Fight or Flight

I hate flying. The plane lifts off the runway, and I clench the armrests of my seat (probably the middle seat in between two strangers – just my luck). I don’t relax again until the plane stops at the end of that faraway runway. 

Ironically, ever since I can remember, I’ve had an unaddressed dream to be a pilot; to feel the power of the plane as it catches currents in the clouds and to have power over the plane itself. I could handle piloting over passenger-ing because I would be in control

I go through seasons where I feel healthy and happy. I stay out late with friends, my sense of humor is at its best (or worst, who’s judging?), and I handle stressors that have the potential to trigger a panic attack with ease and little concern. What it comes down to is that, in these seasons, I feel in control; although anxiety is still real and lurks in the corners of my mind, I do better at living, and even thriving, in the present. I almost forget what it’s like to have a panic attack, and I question why I ever had them. I trick myself into thinking that I have improved so much that I won’t again struggle as badly as I have in the past.

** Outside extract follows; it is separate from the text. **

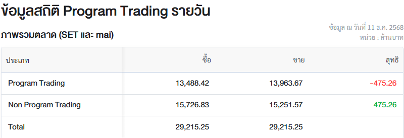 ผู้สื่อข่าวรายงานว่า วันนี้ (11 ธ.ค.68) ตลาดหลักทรัพย์แห่งประเทศไทย (ตลท.) เปิดเผยข้อมูลซื้อขายรายวันผ่าน Program Trading หรือ “โปรแกรมโรบอทเทรดดิ้ง” พบว่ามีมูลค่าซื้อจำนวน 13,488.42 ล้านบาท และมูลค่าขายจำนวน 13,963.67 ล้านบาท เท่ากับขายสุทธิ 475.26 ล้านบาท

And then, this idealism comes crashing down around my ears, but I barely notice amid an all-consuming panic attack. All at once, I am acutely aware of what I feel in every inch of my body – the tingling in my fingers, the racing of my heart, the numbness in my legs, the pain in my head and chest – but I lose awareness of what’s happening around me. My vision is blurry. I can’t breathe. I try to take a deep breath, and I choke on air. I must be dying. I have to get out. I begin to shake uncontrollably. 

Uncontrol. I focus a lot on the power of the mind and on disciplining the mind to redirect thoughts and think truth in order to find some victory over anxiety and depression (I guess that’s the point of this blog – I mean, check out its name).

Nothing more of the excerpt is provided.